Introduction

An estimated 52 million children worldwide suffer from acute malnutrition which dramatically increases their risk of death: compared to well-nourished children, children with a weight-for-height Z-score (WHZ) 2–3 s.d. below the median die at a rate three times higher than those with a WHZ of −1 or higher.1 Equally telling, roughly half of all the projected lives saved from scaling up 10 key nutrition specific interventions would come from improved management of acute malnutrition.2

It is relatively difficult to assess acute malnutrition on a population scale since it is more time sensitive than either stunting or underweight and thus harder to track in periodic household surveys.3 Indicators of undernutrition are elevated in times of climatic shocks,4 a concern both for tracking of nutritional status and for designing appropriate programs. With a few exceptions,5 however, the evidence on the impact of weather shocks on child nutrition focuses on linear growth retardation (stunting) and thus, uses a short term, acute weather event to explain a cumulative measure of nutrition. This reflects a misunderstanding of a biological pathway for height determination, and may lead to incorrect interpretation of the impacts of weather shocks on child nutritional status.6 Although there exist protocols for screening and effective treatment for (severe) acute malnutrition, relatively little is known on how weather shocks predict increases in wasting within a population. To encourage timely and informed action, this study explores whether deviation in rainfall in a drought prone country, Ethiopia, is a sensitive indicator of future increases in wasting.

Methods

Our data came from the 2011 to 2012 and 2013 to 2014 rounds of the Ethiopia Socioeconomic Survey which were collected as a part of the Living Standards Measurement Study-Integrated Surveys on Agriculture (LSMS-ISA) project of the World Bank. The sample was drawn from a population frame that included all rural and small town areas of Ethiopia except for three zones of Afar and six zones of Somali region.7 In each household, the survey collected socioeconomic, demographic and nutrition-related information at both the household and individual levels. We focus on a subset of 2659 households with a child 6–59 months old. The household data were supplemented with monthly rainfall data for years 2011 and 2013 covering Ethiopia five arc-min spatial resolution, that is, squares of ~9.27 × 9.27 km at sea level.8 While Ethiopia has two rainy seasons, more than 90% of total grain production comes from the harvest following the long rains. Thus, we focus on that season.

The effects of rainfall shocks on child WHZ were estimated using ordinary least squares regression (using Stata 14). Child WHZ was calculated using the WHO growth standard.9 Rainfall shocks were defined for the long rainy season (June through September) by calculating cell-specific rainfall Z-scores, that is, the number of s.d. from the local 13-year rainfall mean. We also constructed a binary variable to identify those localities where rainfall was less than 90% of normal. We used ordinary least squares regression assuming the residuals to be independent and identically and normally distributed. All models adjusted for demographics (child sex and age, household size and parent’s education) and household wealth. An index of household wealth was constructed from measures of quality of housing (materials used for flooring, walls, and roof; ownership of a kitchen, number of rooms, type of drinking water and toilet and the availability of electricity) and asset ownership (functioning radio, television and so on), using Stata’s factor command for principal component factor analysis. Scores from the first factor, which explained 17% of the total variance, were used to create the wealth variable. Factor weights from the 2011 survey were applied to the 2013 survey so that the index was comparable across surveys. Models adjusted for household poverty by using binary indicators of the quartiles of the constructed wealth index. Standard errors were adjusted using Huber Sandwich estimators of variance.

Results and discussion

Around 11% of the children were wasted which is defined as a serious public health problem by the WHO. Rainfall-related shocks were common, affecting ~18% of the observations (Table 1). Despite the ample variation in rainfall both spatially and temporally, we found no association between the rainfall shock variables and child WHZ either for children under 24 months (Table 2) or for children 24–59 months (Supplementary Table). Given that wasting was associated with wealth (P<0.05 in younger and P<0.1 in older children) and maternal education (P<0.05 in older children) suggests that the issue is not driven by insufficient power.
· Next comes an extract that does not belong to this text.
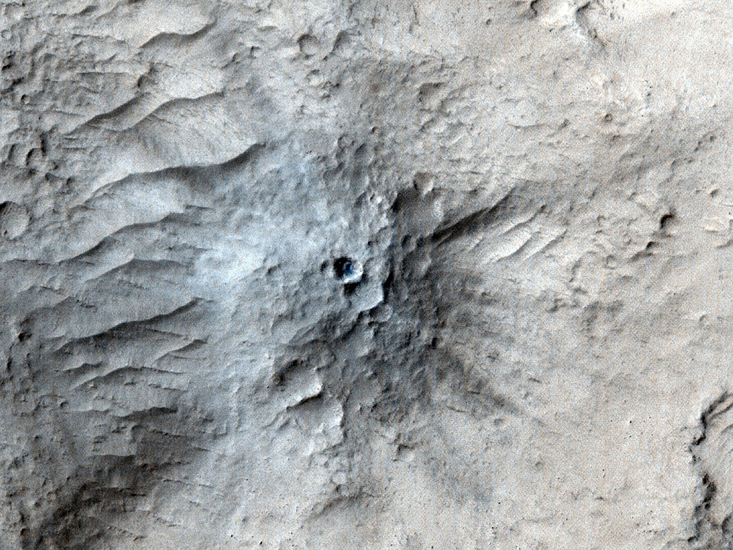 NASA's Mars Reconnaissance Orbiter used its High-Resolution Imaging Science Experiment (HiRISE) camera to capture this impact crater in Cerberus Fossae, a seismically active region of the Red Planet, on March 4, 2021. Scientists matched the crater's appearance on the surface with a quake detected by NASA's InSight lander, which was about 1,000 miles (1,640 kilometers) away. The crater is estimated to be about 71 feet (21.5 meters) in diameter.

Table 1 Characteristics of the study samplea
Table 2 Association of individual, household and rainfall characteristics with child weight-for-height Z-scores (children 6–23 months)a

Although a recent systematic review indicated that 12 of 15 studies found an association of weather events and stunting,10 this current study provides nuance in regards to timing. While both surveys were conducted within 4 months of the harvest—perhaps a partial explanation for absence of a significant association—the point estimates of the month dummies (a proxy for time since harvest) decline as time increase, although these coefficients are not significant as determinants of child WHZ.
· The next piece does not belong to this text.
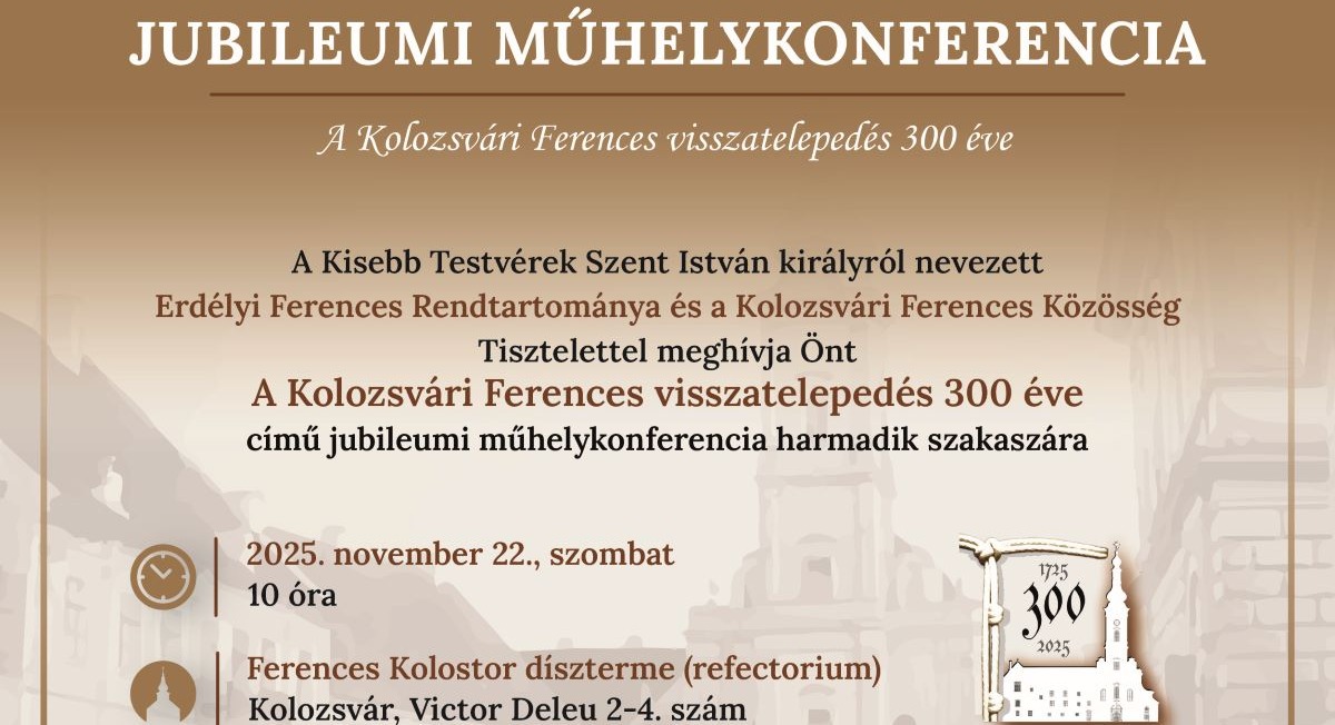 Több szakaszban készült a kolozsvári ferences közösség a kisebb testvérek 300 évvel ezelőtti kincses városba való visszatelepedésének megünneplésére. Ennek a készületnek volt része a tavaly és tavalyelőtt novemberben megtartott műhelykonferencia két szakasza, amelyen domonkos, unitárius, református, jezsuita egyháztörténészek, valamint művészettörténészek, történészek, építészek mutatták be az óvári kolostor 1725 előtti közösségeinek időszakát. A konferenciasorozat idén, november […]

We make no claims on the external validity of this result and doubt that it challenges the general concern about climate change and weather shocks on child malnutrition. Adverse weather affects both farm incomes and consumer prices and thus would have longer term impact on nutrition among low income households through such price shocks. However, the results do indicate that monitoring rainfall does not provide a practical early warning to use for scaling up financing and management of preventative measures without additional information to increase precision.